For the same query, what if the user wants to
-
count the number of distinct path endings in the match table? For this case, we would want to iterate on the alias
t
. -
count the number of distinct (start, end) pairs in the match table? For that case, we would want to iterate on distinct pairs of the aliases
(s, t)
.
To provide users with this added flexibility and finer control over ACCUM iteration, TigerGraph 3.0 adds the PER clause to pattern matching (V2) syntax.
Syntax
The PER Clause is an optional clause that comes at the start of the ACCUM clause in a SELECT statement. As illustrated below, it starts with the keyword PER, and followed by a pair of parenthesis, in which user can put one or more distinct vertex aliases found in the FROM pattern.

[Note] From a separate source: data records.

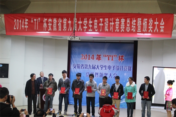 大学生电子设计竞赛是教育部和信息产业部共同倡导和主办的学科竞赛,是面向大学生的群众性科技活动。安徽省从2006年开始举办安徽省电子设计竞赛,逢双年份独立举办,逢单年份与全国竞赛合并举办。今年参加本次比赛的有中国科学技术大学、合肥工业大学、安徽大学等46所高校,共364组参赛队伍、1038名学生参赛。这是我校连续两年在该类赛事中获得安徽省一等奖。
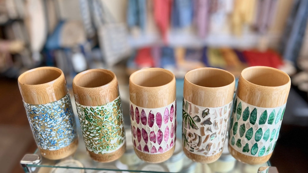 No two alike. Handmade in Vietnam with real bamboo and mother-of-pearl.
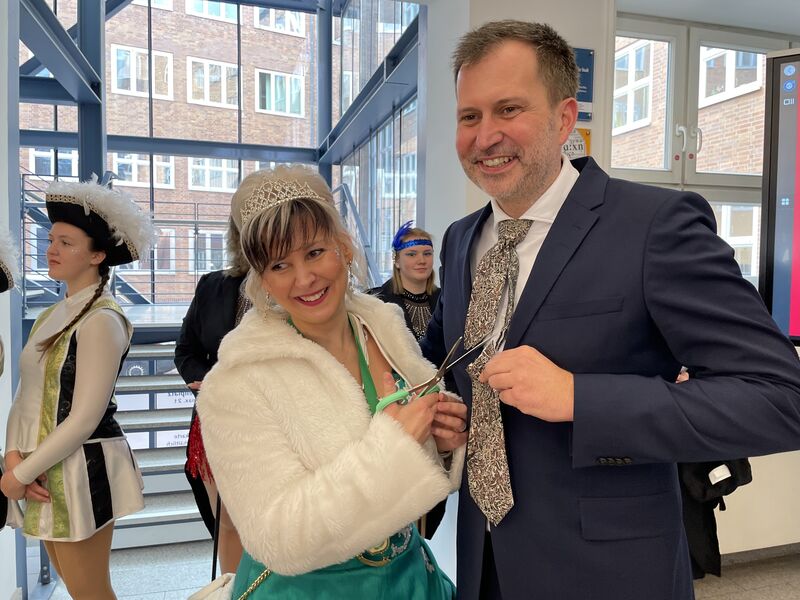 Der Verein Cottbuser Narrenweiber hat am Donnerstag, 27.02.2025, den Weiberfastnachtsumzug im Foyer des Rathauses am Neumarkt 5 gestartet. Den männlichen Vertretern der Rathausspitze wurden dabei traditionell die Krawatten abgeschnitten. Angefangen bei Oberbürgermeister Tobias Schick, folgten Beigeordneter Robert Perko und Dezernent Thomas Bergner sowie weitere Rathaus-Mitarbeiter.
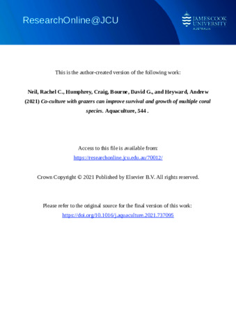 Neil, Rachel C., Humphrey, Craig, Bourne, David G., and Heyward, Andrew (2021) Co-culture with grazers can improve survival and growth of multiple coral species. Aquaculture, 544. 737095.
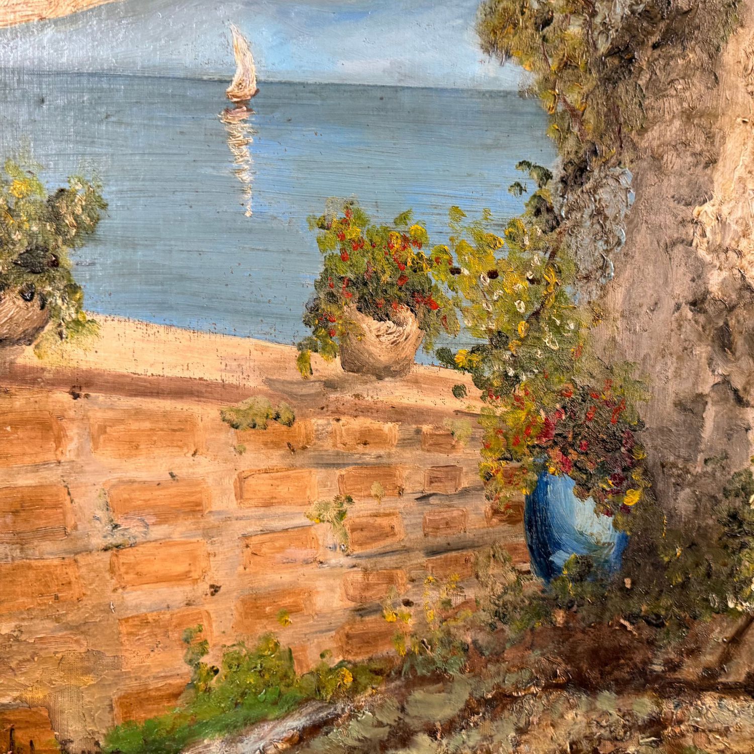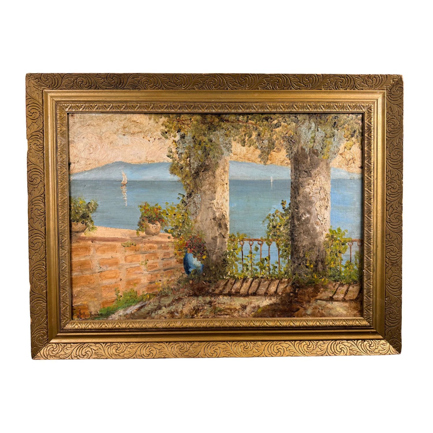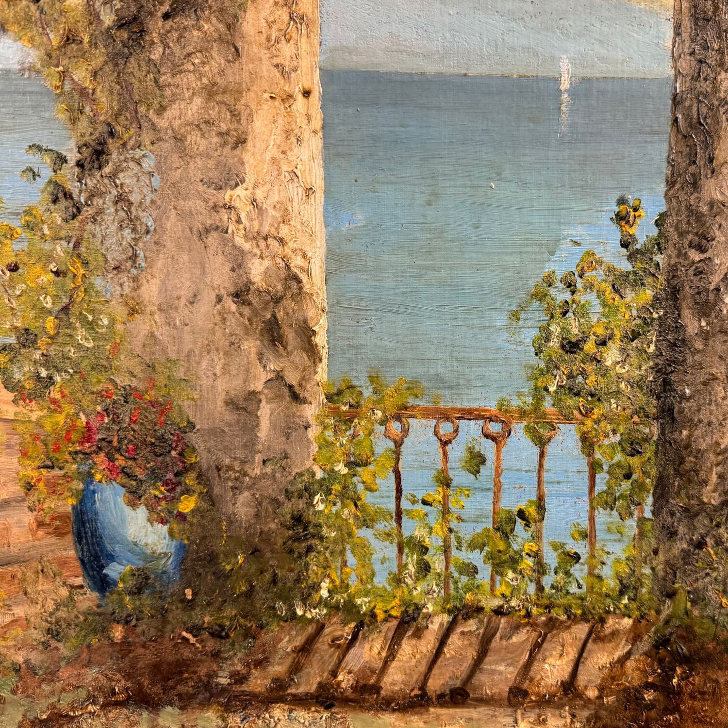 Dipinto olio su pannello, periodo XX secolo scuola Italiana, raffigurante Terrazza sul golfo.
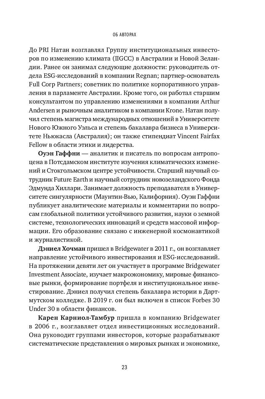 Книга выходит за рамки стандартных подходов экономической теории к устойчивому инвестированию. В ней подчеркивается, что капитализм, основанный на более реальном взаимодействии экономики и общества, может усилить интеграцию ESG.
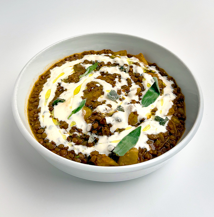 Sopa casera de lentejas terminada con queso crema de anacardo fermentado. Sopa casera de lentejas terminada con queso crema de anacardo fermentado.
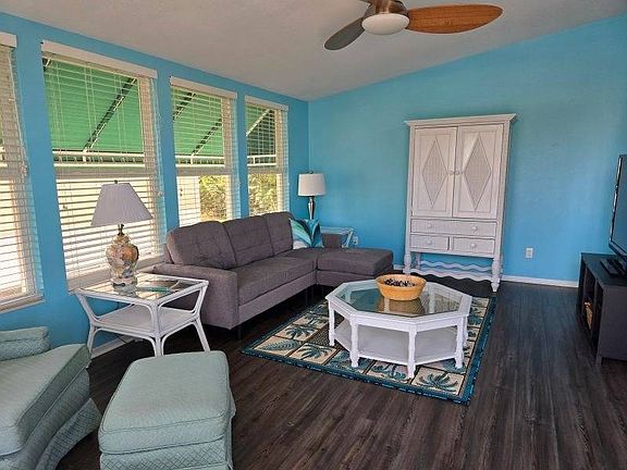 Discover the relaxed elegance of Crystal Lake RV Resort with this beautifully renovated vacation home, where bright, coastal-inspired interiors create a warm and inviting atmosphere. This thoughtfully updated 2-bedroom, 1.5-bath home features Core Tech vinyl flooring, a new roof, brand-new plumbing, and a new water heater, ensuring modern comfort and peace of mind. Step outside onto the spacious back porch, surrounded by lush landscaping and the tranquil sights and sounds of nature - the perfect setting to unwind, entertain, or simply enjoy the outdoors. An attached shed offers convenient additional storage, making this home as functional as it is stylish. Located in a welcoming and vibrant community, residents of Crystal Lake RV Resort enjoy access to a range of amenities and the opportunity to connect with friendly neighbors who share the vacation lifestyle. This home offers the perfect blend of comfort, charm, and community. Start making lasting memories today! Crystal Lake is a 10-month community.
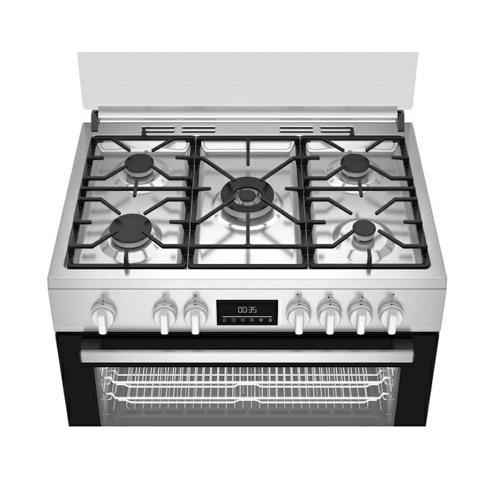Broj funkcija pećnice: 9 Volumen pećnice: 111 l Klasa energetske učinkovitosti: A+ Boja: inox Konfiguracija plamenika: 4 plinska plamenika + 1 wok Odmrzavanje Tradicionalno kuhanje Pizza program Ventilator Integrirano elektroničko paljenje plamenika Katalitički zidovi pećnice Uklonjivo staklo vrata
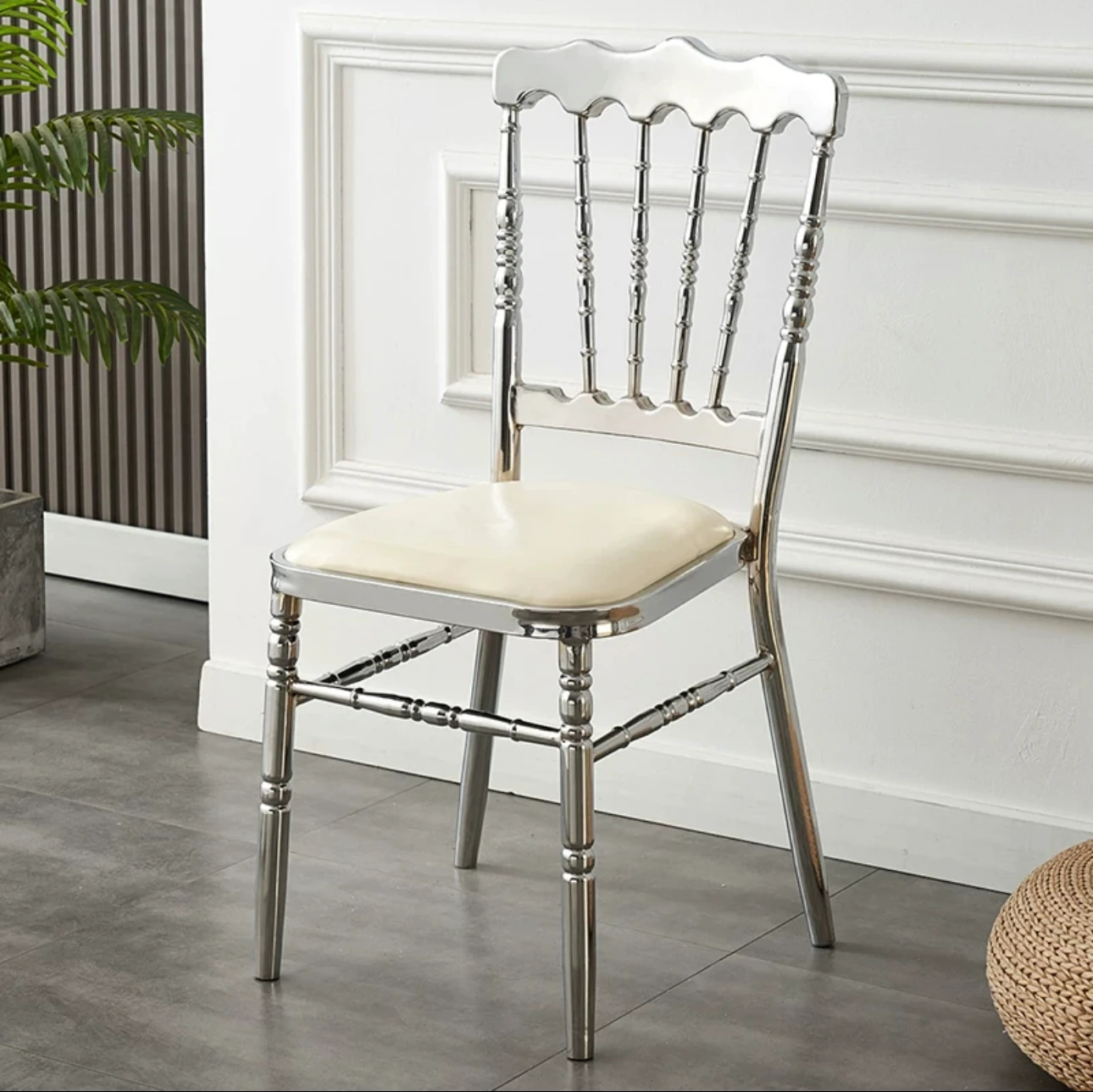 Plated silver frame white seat cushion
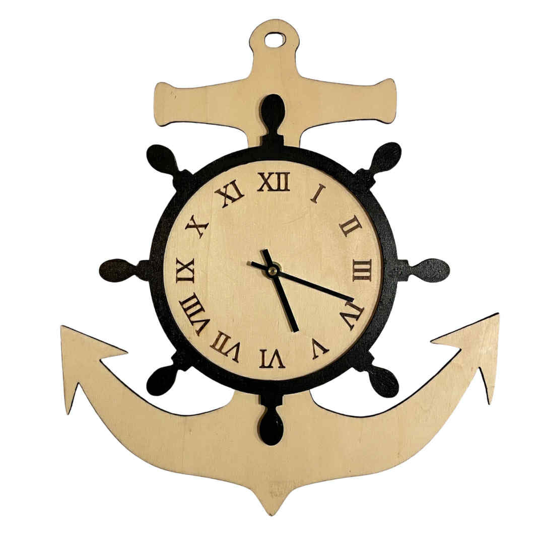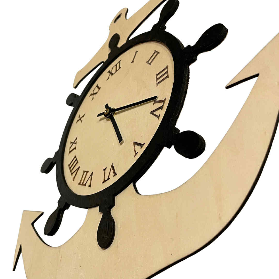 En unik og dekorativ veggklokke med maritimt preg, perfekt for sjøfolk, hyttefolk eller deg som elsker kystlivet. Klokken er formet som et anker med skipsratt rundt urskiven, og er laget i to lag kryssfiner for ekstra dybde og detaljer.
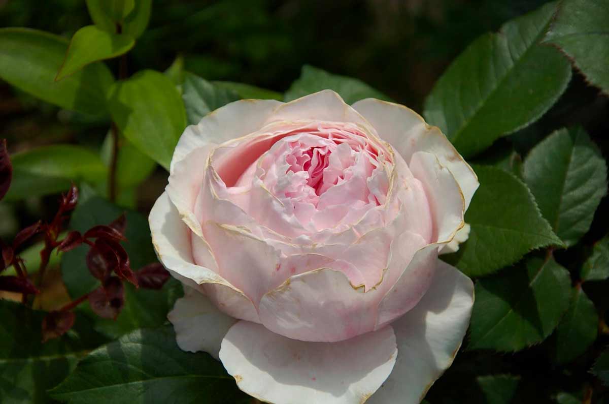 Его цветы настолько похожи на пион, что иногда только характерная форма ярко зеленых листьев помогает отличить сорт розы «Peony Magic» от других растений.
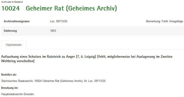 Und – was soll ich sagen – dort gibt es eine (nicht geheime) Akte zu einem Vorgang „Joseph Vincenz Xaverius gegen den Gutsbesitzer Friedrich Wilhelm Winter wegen Aufsuchung eines s.g. Schatzes im kleinen Rathsteiche in Anger“ aus dem Jahr 1853(!!!). [Quelle #2]
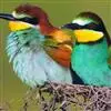 蓝喉蜂是蜂虎科蜂虎属鸟类。体长26-28厘米,嘴长而弯曲,有明显细长的中央尾羽。头部、颈部和背部为巧克力色,有黑色眼纹。喉部、腰部和尾羽为蓝色。腹部和两翼为绿色。幼鸟外观似成鸟,头部、颈部和背部为绿色,…全部>>
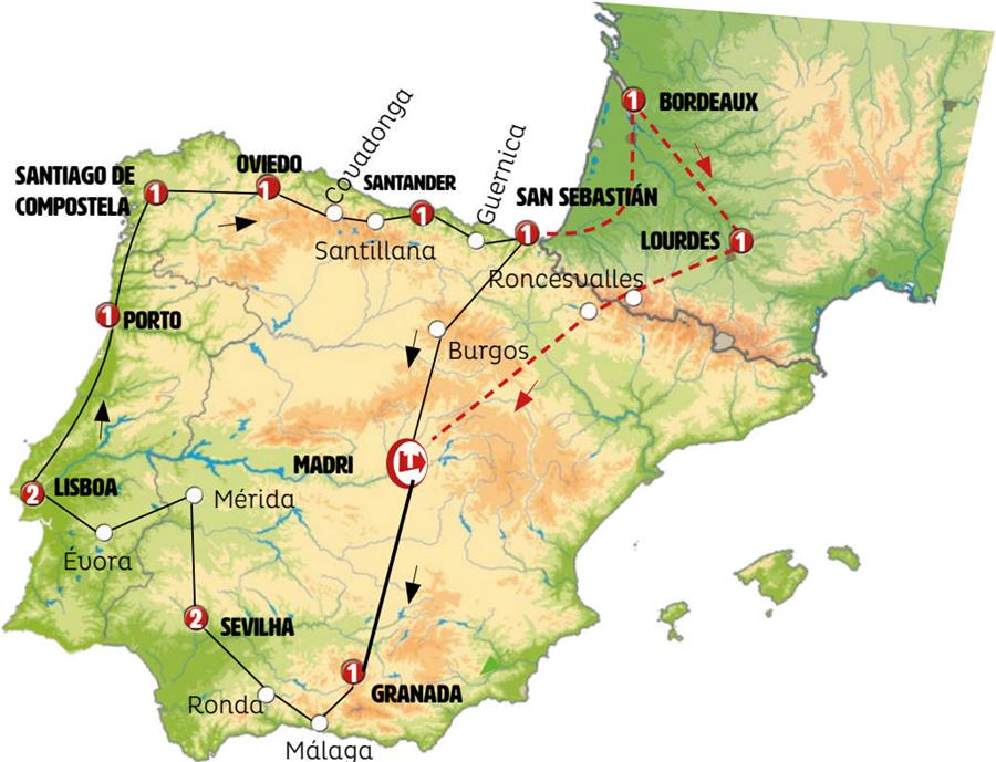 Madrid, Granada, Nerja, Málaga, Ronda, Sevilha, Merida, Évora, Lisboa, Fátima, Porto, Santuario do Bom Jesus, Cambados, Santiago de Compostela, Lugo, Cebreiro, León, Oviedo, Covadonga, Santilhana, Santander, Bilbao, guernica, San Sebastian, Bordeaux, Lourdes, Sallent de Gallego, Zaragoza.
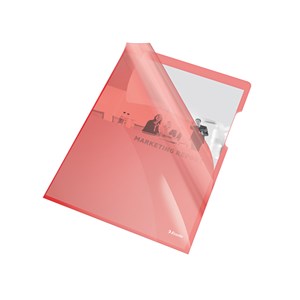 Desky na dokumenty typu L s hladkým povrchem, vyrobené z tuhé kvalitní PVC fólie pro reprezentativní vzhled, přístup z horní i boční strany, s vykrojením pro snadnou manipulaci, síla 150 mic, červené provedení, balení 25 ks.
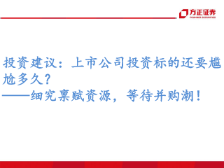 投资建议:上市公司投资标的还要尴 尬多久? ——细究禀赋资源,等待并购潮!

selectBlock := SELECT alias
FROM pattern
[sampleClause]
[whereClause]
[[perClause] accumClause]
[postAccumClause]*
[havingClause]
[orderClause]
[limitClause]
perClause := PER (vertex_alias_1, vertex_alias_2, ...)
Examples. Below are multiple examples of the PER Clause using the same FROM clause.
S1 = SELECT s
FROM S:s - (E1:edge1) - M:m - (E2:edge2) - T:t
PER (s)
ACCUM @@cnt += 1;
S2 = SELECT t
FROM S:s - (E1:edge1) - M:m - (E2:edge2) - T:t
PER (t)
ACCUM @@cnt += 1;
S3 = SELECT m
FROM S:s - (E1:edge1) - M:m - (E2:edge2) - T:t
PER (m)
ACCUM @@cnt += 1;
S4 = SELECT t
FROM S:s - (E1:edge1) - M:m - (E2:edge2) - T:t
PER (s, t)
ACCUM @@cnt += 1;
S5 = SELECT t
FROM S:s - (E1:edge1) - M:m - (E2:edge2) - T:t
PER (s, m, t)
ACCUM @@cnt += 1;
Semantics
The PER Clause specifies a list of vertex aliases, which are used to group the rows in the match table, one group per distinct value of the alias or of the alias list. If there are N distinct groups, we will execute the ACCUM clause N times, once per distinct vertex aliases' binding. Note that the PER clause has no effect on POST-ACCUM clauses semantic, except confining the POST-ACCUM vertex alias.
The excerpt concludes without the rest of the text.